Предприниматели решили, что «достославная» (так они называли ее) октябрьская стачка должна быть последней – и организовали антиреволюционный «Союз 17 октября». У них для этого были достаточные причины. Каждый из них имел возможность у себя на заводе убедиться, что политические завоевания революции идут параллельно с упрочением позиций рабочих против капитала. Иные политики видели главную вину борьбы за восьмичасовой рабочий день в том, что она окончательно расколола оппозицию и сплотила капитал в контрреволюционную силу. Эти критики хотели бы видеть в распоряжении истории классовую энергию пролетариата – без последствий классовой борьбы. Что самовольное введение восьмичасовой работы должно было вызвать и вызвало энергичную реакцию со стороны предпринимателей, об этом не приходится много говорить. Но ребячество думать, будто нужна была именно эта кампания, чтобы сплотить капиталистов с капиталистически-биржевым правительством Витте. Объединение пролетариата в самостоятельную революционную силу, становящуюся во главе народных масс и представляющую постоянную угрозу «порядку», было само по себе совершенно достаточным аргументом в пользу коалиции капитала с властью.

Правда, в первую эпоху революции, когда она проявлялась в стихийных разрозненных вспышках, либералы терпели ее. Они ясно видели, что революционное движение расшатывает абсолютизм и толкает его на путь конституционного соглашения с господствующими классами. Они мирились со стачками и демонстрациями, относились к революционерам дружелюбно, критиковали их мягко и осторожно. После 17 октября, когда условия конституционного соглашения уже были написаны и, казалось бы, оставалось лишь выполнить их, дальнейшая работа революции явно подкапывалась под самую возможность сделки либералов с властью. Пролетарская масса, сплоченная октябрьской стачкой, организованная изнутри, самым фактом своего существования отныне восстановляет либерализм против революции. Этот последний был того мнения, что мавр выполнил свою работу и должен спокойно вернуться к своим станкам. Совет считал, наоборот, что главная борьба впереди. О каком бы то ни было революционном сотрудничестве капиталистической буржуазии с пролетариатом при таких условиях не могло быть и речи.

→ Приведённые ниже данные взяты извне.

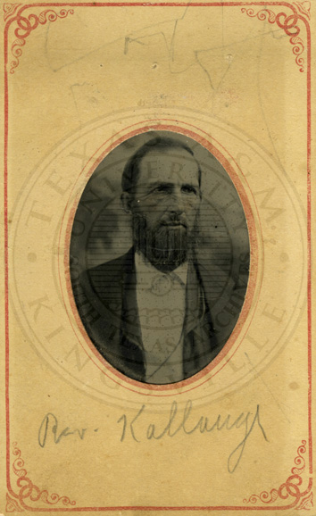 "Rev. Kallaugh" written on front, framed in beige and red paper holder with oval border around tin type. |
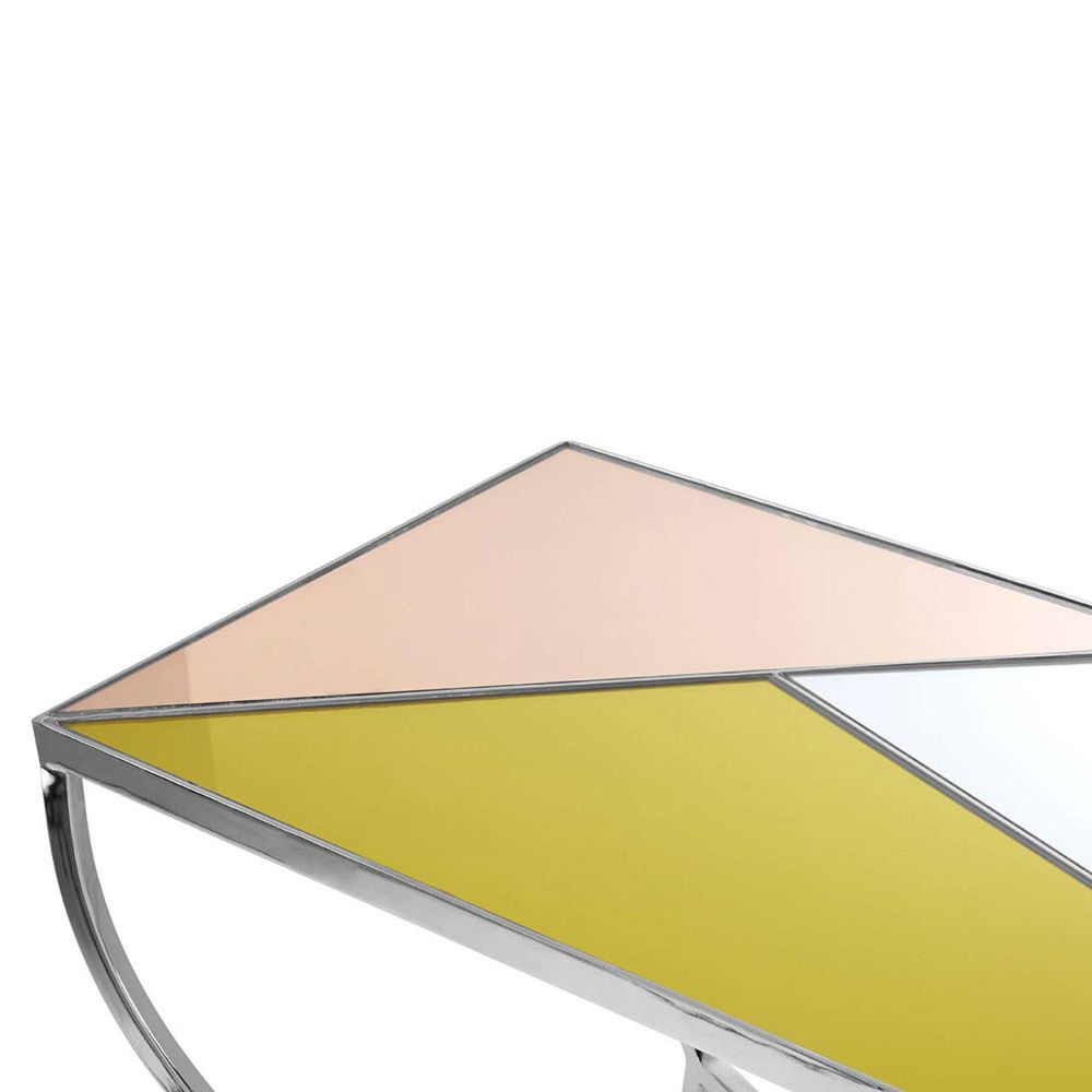 Item Code: 5502382 Minimalist modern art serves as the inspiration for the Arbus console table.The rectangular console table top features a geometric design with segments of gold mirror, pink mirror and reflective mirror separated by strips of stainless steel. The distinctive silver-finish frame is created from stainless steel.

Декабрь вытекает из октября, как вывод из посылки. Исход декабрьского столкновения находит свое объяснение не в отдельных тактических промахах, а в том решающем факте, что реакция оказалась богаче механической силой, чем революция. Пролетариат разбился в декабрьско-январском восстании не о свои тактические ошибки, а о более реальную величину: о штыки крестьянской армии.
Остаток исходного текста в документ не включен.